Выбрать главу

4.

«Отплытье на о. Цитеру», схожее с отплытием-открытием бодлеровского «отрока, в ночи глядящего эстампы», для которого «за каждым валом — даль, за каждой далью — вал»[7], составило сюжет поэтической жизни Георгия Иванова.

Название первого сборника, столь дорогое поэту, что он повторил его, издавая в эмиграции избранное (1937), помимо «Плаванья», ужасным образом отсылает еще к одному стихотворению из «Цветов зла». Его заглавие аутентично ивановскому — «Поездка на Цитеру» («Un voyage a Cythere») — и не могло не быть ему известно в тридцатые годы. В стихотворении Бодлера описывается страшная метаморфоза, раскрывается близкая Георгию Иванову непримиримая антиномичность «соответствий» культуры и жизни.

У Бодлера приближающийся к острову на корабле герой видит издали очертания статуи Венеры. Ибо что же он еще может увидеть на ее острове? Но – «чудо» — пейзаж с богиней на глазах превращается в пейзаж с виселицей и трупом, терзаемым птицами… Созвучие бодлеровскому сюжету внутренней темы позднего Георгия Иванова, темы развоплощения, «попиранья заветных святынь», особенно подтверждается финалом «Поездки на Цитеру» (пер. И. Лихачева):

Столб виселицы там, где все — в твоем цвету,Столб символический… мое изображенье…— О, боже, дай мне сил глядеть без омерзеньяНа сердца моего и плоти наготу!

Георгий Иванов не замедлил перевести этот сюжет на язык советского XX века:

Отплытье на остров Цитеру,Где нас поджидала че-ка.

(«Мне больше не страшно. Мне томно…»)[8]

И Цитера, и Ватто, и Дафнис с Хлоей, и сверканья зари, и розы, и черемуха, и туманы — весь этот поэтический реквизит первого сборника сохранится и в поздних стихах Георгия Иванова.

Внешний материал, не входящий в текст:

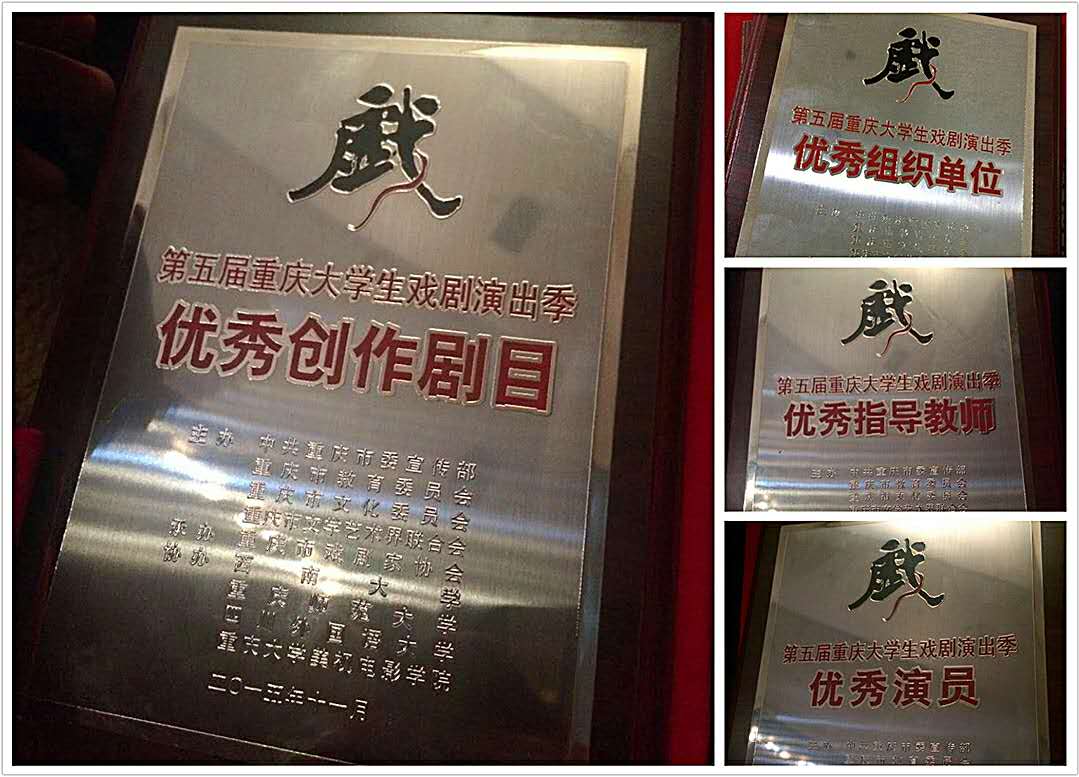 据悉,重庆大学生戏剧演出季由市委宣传部、市教委、市文化委、市文联主办,自2005年创立以来,已走过10个年头,目前己经发展成为每两年举办一次,社会影响力最大的群众业余戏剧专项活动。本届戏剧季共有44个剧目申报参加,经过专家对剧本的选拔和第一轮筛选,共选出包括重庆工商大学话剧《同心》、重庆大学话剧《热忱》、重庆师范大学话剧《局外人》、四川外国语大学话剧《原野》等21部剧目进入到第二轮交流演出。11月24日,我校原创话剧《同心》在重庆师范大学演出,获得专家评委和现场观众的一致好评,并荣获“优秀组织单位”、“优秀指导教师”、“优秀演出剧目”和“优秀演员”等四大奖项。

Зато исчезнут буколические пастушки, воркующие голубки, равно как и романтические звуки охотничьего рога… И тогда станет явственно слышен единственный звук — звук вибрации нагого сердца. После «Распада атома» и последовавшего за ним мировоззренческого инфаркта эта вибрация пронизала саму плоть поздней ивановской лирики.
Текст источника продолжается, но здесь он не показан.